TASK DESCRIPTION
Return only these lines, exactly: the one containing "YELLOW GARBAGE BAGS." and every line after it in the listing.

RECORDS FOR PROCESSING
--- --- ---

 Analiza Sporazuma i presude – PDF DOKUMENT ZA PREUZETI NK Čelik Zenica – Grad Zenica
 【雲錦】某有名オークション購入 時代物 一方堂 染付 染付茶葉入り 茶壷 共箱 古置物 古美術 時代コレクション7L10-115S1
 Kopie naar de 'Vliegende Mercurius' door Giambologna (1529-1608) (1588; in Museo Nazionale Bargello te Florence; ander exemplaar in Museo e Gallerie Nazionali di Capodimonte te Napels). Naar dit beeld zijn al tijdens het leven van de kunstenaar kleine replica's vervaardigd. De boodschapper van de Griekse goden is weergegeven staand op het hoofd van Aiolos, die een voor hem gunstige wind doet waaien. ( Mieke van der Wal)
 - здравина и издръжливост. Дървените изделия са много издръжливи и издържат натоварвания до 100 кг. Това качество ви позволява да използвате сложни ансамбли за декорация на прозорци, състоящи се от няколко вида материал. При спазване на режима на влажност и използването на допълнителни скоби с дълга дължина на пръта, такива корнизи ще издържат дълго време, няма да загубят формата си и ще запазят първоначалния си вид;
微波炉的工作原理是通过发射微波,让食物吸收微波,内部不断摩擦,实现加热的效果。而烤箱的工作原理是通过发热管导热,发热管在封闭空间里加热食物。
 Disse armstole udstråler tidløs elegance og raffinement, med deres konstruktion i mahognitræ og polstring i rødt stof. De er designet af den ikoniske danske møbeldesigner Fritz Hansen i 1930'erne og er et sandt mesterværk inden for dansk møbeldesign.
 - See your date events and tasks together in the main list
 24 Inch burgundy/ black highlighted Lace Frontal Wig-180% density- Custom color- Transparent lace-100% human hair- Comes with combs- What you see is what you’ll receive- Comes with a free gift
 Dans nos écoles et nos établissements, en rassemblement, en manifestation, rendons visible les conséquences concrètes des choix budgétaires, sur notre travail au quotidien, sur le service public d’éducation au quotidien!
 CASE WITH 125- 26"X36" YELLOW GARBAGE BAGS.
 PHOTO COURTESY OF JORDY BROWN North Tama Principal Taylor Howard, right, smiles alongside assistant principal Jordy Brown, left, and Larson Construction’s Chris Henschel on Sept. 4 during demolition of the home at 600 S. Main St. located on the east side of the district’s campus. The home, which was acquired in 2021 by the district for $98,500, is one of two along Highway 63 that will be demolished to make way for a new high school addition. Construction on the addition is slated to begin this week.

--- --- ---

TASK RESULT
 CASE WITH 125- 26"X36" YELLOW GARBAGE BAGS.
 PHOTO COURTESY OF JORDY BROWN North Tama Principal Taylor Howard, right, smiles alongside assistant principal Jordy Brown, left, and Larson Construction’s Chris Henschel on Sept. 4 during demolition of the home at 600 S. Main St. located on the east side of the district’s campus. The home, which was acquired in 2021 by the district for $98,500, is one of two along Highway 63 that will be demolished to make way for a new high school addition. Construction on the addition is slated to begin this week.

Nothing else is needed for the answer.